Chasing the Perfect Thanksgiving Redux

Sometimes you need a bad Thanksgiving to learn to appreciate the good ones.

Happy-ThanksgivingNRWhen I was a child, I used to love Thanksgiving. We would go over to my step-grandparents’ house, where they had a big spread much like the famous Norman Rockwell print. My baby sister, my cousins, and I were relegated the kids table and I still remember being incensed when my oldest cousin graduated to the grown-up table. My mother and stepfather divorced before I was old enough to claim my own place at the grown-up table, so I never did get that honor. But the memories of those Thanksgiving dinners always stayed with me.

Fast forward ten years to my first real Thanksgiving as an adult. (I’m not counting the time my soon-to-be husband and I made turkey cutlets and Pilsbury crescent rolls in the toaster oven in my dorm room.) My (now) husband and I were in Germany, thousands of miles away from family, but we were determined to have a real Thanksgiving feast. Okay, maybe it was just me who was determined. We invited friends of ours, Germans who had never experienced an American Thanksgiving, and armed with my Martha Stewart Living magazine and Better Homes & Gardens cookbook from 1982, we set out to create a meal to die for. (Somewhat prophetic, but I’ll get to that in a moment.) I only had one condition: it had to be a happy time. I grew up with too much hostility and bitterness that came to a head every holiday, and I did not want that for my own family.
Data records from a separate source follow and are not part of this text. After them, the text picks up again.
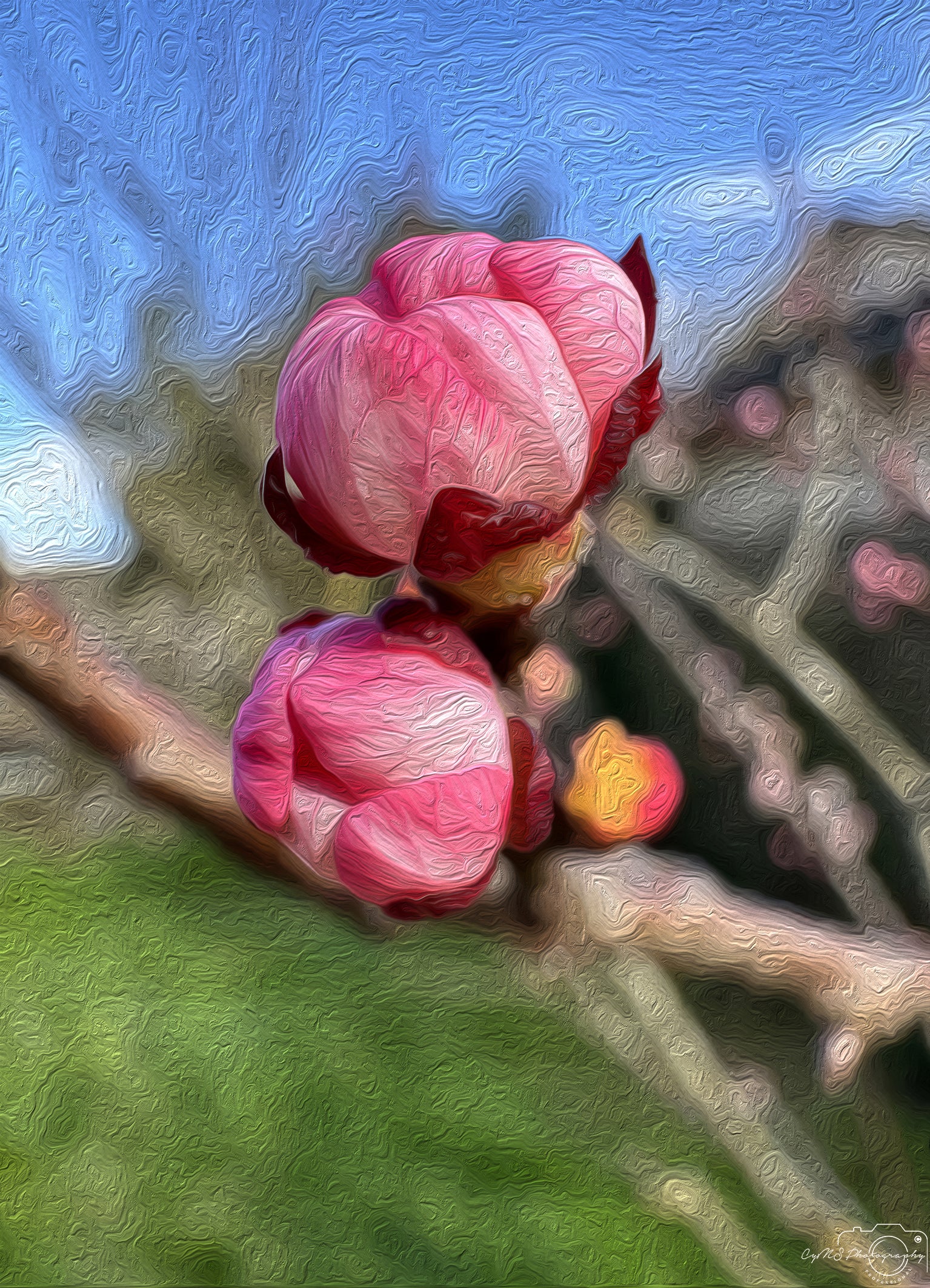 Some Prunus armeniaca buds are visible, their delicate rose-colored petals still closed, just beginning to reveal their beauty. The soft pink exterior contrasts beautifully with the vibrant yellow interior that peeks through as the buds prepare to open. The combination of these warm colors adds a sense of vibrancy and anticipation, hinting at the full bloom that is soon to come. The gentle curves and promising hues make the buds a captivating sight, full of natural elegance.
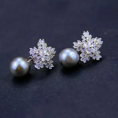 - Exquisite zircon earrings with diamonds and pearls
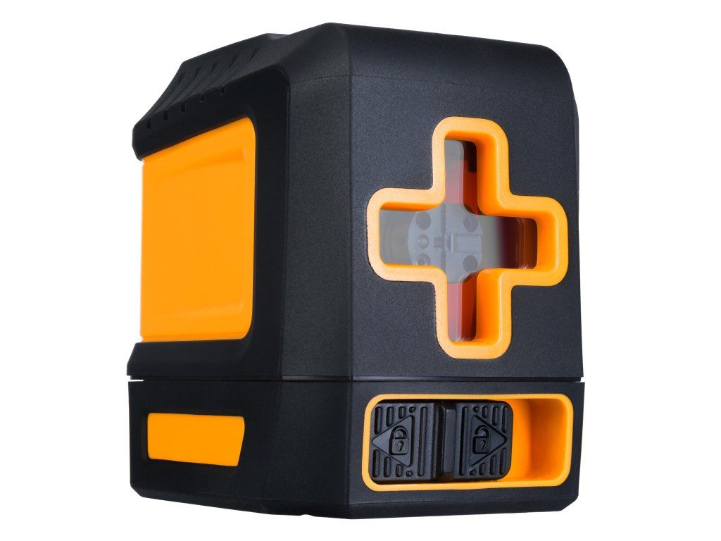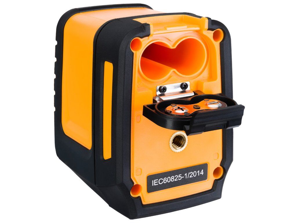 Nivelační přístroj je připravený na pracovní prostředí a zátěž. Odolá prachu, nárazům a nevadí mu, když ho postříkáte vodou. Pokud vlastníte stativ se standardním závitem, jednoduše na něj přístroj uchytíte a nakloníte ho. Dosáhnete tím ideálního úhlu paprsků.

It started out fine. My husband worked on the turkey (still his job today) and I set about making homemade rolls. But then the rolls wouldn’t rise, and the ones that did came out of the oven hard as a brick. The puppy kept getting underfoot in this very small, galley-like kitchen that barely held the two of us, which aggravated my husband and he, in turn, upset me. I won’t go into details, but hard rolls were thrown and sweet potatoes were mashed with a bit too much force. There went my desire for a peaceful, happy holiday!

To make matters worse, our electricity went out. When it finally came back on, only the top element of the oven was working. We kept the turkey in and crossed our fingers.

My desserts came out fine, especially the fancy meringue cookies a la Martha Stewart I made. I was proud of those suckers. When Hans and his wife arrived a few hours later, the table was set with my best china and fabric napkins (folded in an elegant pocket-design, thank you again Martha Stewart). I still wasn’t speaking to my husband, but we managed to fake cheerfulness and explained our little mishaps. Because only the top element of the oven worked, only the breast of the turkey actually cooked. The four of us had minuscule amounts of dry, white turkey. But we had plenty of side dishes (minus edible rolls) and after washing down our bits of meat with a fine German wine, I brought out the desserts.

Hans loved my meringue cookies. I was beaming. Until his wife gently reminded him of his diabetes. I think I nearly smacked the cookies out of his hand! For those who don’t know what’s in meringue cookies…it’s pure sugar. Sugar and egg whites, and not much else. Sending our guest to the Krankenhaus (hospital) in a diabetic coma would have capped off a perfectly awful Thanksgiving, but gratefully, he survived. We all survived that dinner. Even the dog.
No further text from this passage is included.